DIRECTIONS: If a record contains a picture, leave the picture out and copy everything else exactly.

SUPPLIED DATA:
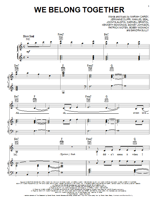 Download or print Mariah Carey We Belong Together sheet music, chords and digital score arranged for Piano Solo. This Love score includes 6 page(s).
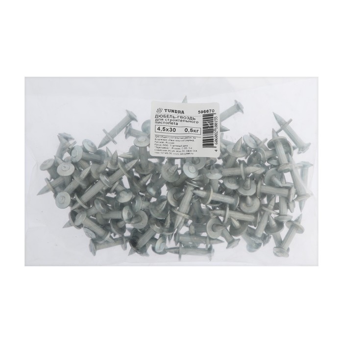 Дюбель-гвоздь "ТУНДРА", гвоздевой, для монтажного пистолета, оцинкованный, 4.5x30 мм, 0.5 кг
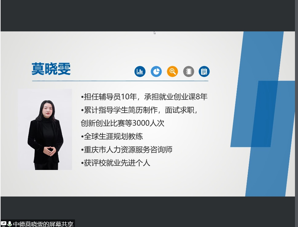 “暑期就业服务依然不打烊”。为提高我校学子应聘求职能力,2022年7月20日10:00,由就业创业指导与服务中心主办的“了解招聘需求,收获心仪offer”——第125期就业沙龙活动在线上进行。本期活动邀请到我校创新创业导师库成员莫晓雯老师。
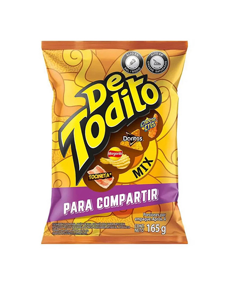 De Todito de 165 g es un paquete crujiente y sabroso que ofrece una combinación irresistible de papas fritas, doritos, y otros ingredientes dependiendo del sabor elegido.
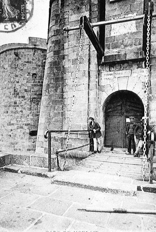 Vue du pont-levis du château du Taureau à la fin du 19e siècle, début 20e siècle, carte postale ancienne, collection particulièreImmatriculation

RESULT FOR THIS TASK:
 Download or print Mariah Carey We Belong Together sheet music, chords and digital score arranged for Piano Solo. This Love score includes 6 page(s).
 Дюбель-гвоздь "ТУНДРА", гвоздевой, для монтажного пистолета, оцинкованный, 4.5x30 мм, 0.5 кг
 “暑期就业服务依然不打烊”。为提高我校学子应聘求职能力,2022年7月20日10:00,由就业创业指导与服务中心主办的“了解招聘需求,收获心仪offer”——第125期就业沙龙活动在线上进行。本期活动邀请到我校创新创业导师库成员莫晓雯老师。
 De Todito de 165 g es un paquete crujiente y sabroso que ofrece una combinación irresistible de papas fritas, doritos, y otros ingredientes dependiendo del sabor elegido.
 Vue du pont-levis du château du Taureau à la fin du 19e siècle, début 20e siècle, carte postale ancienne, collection particulièreImmatriculation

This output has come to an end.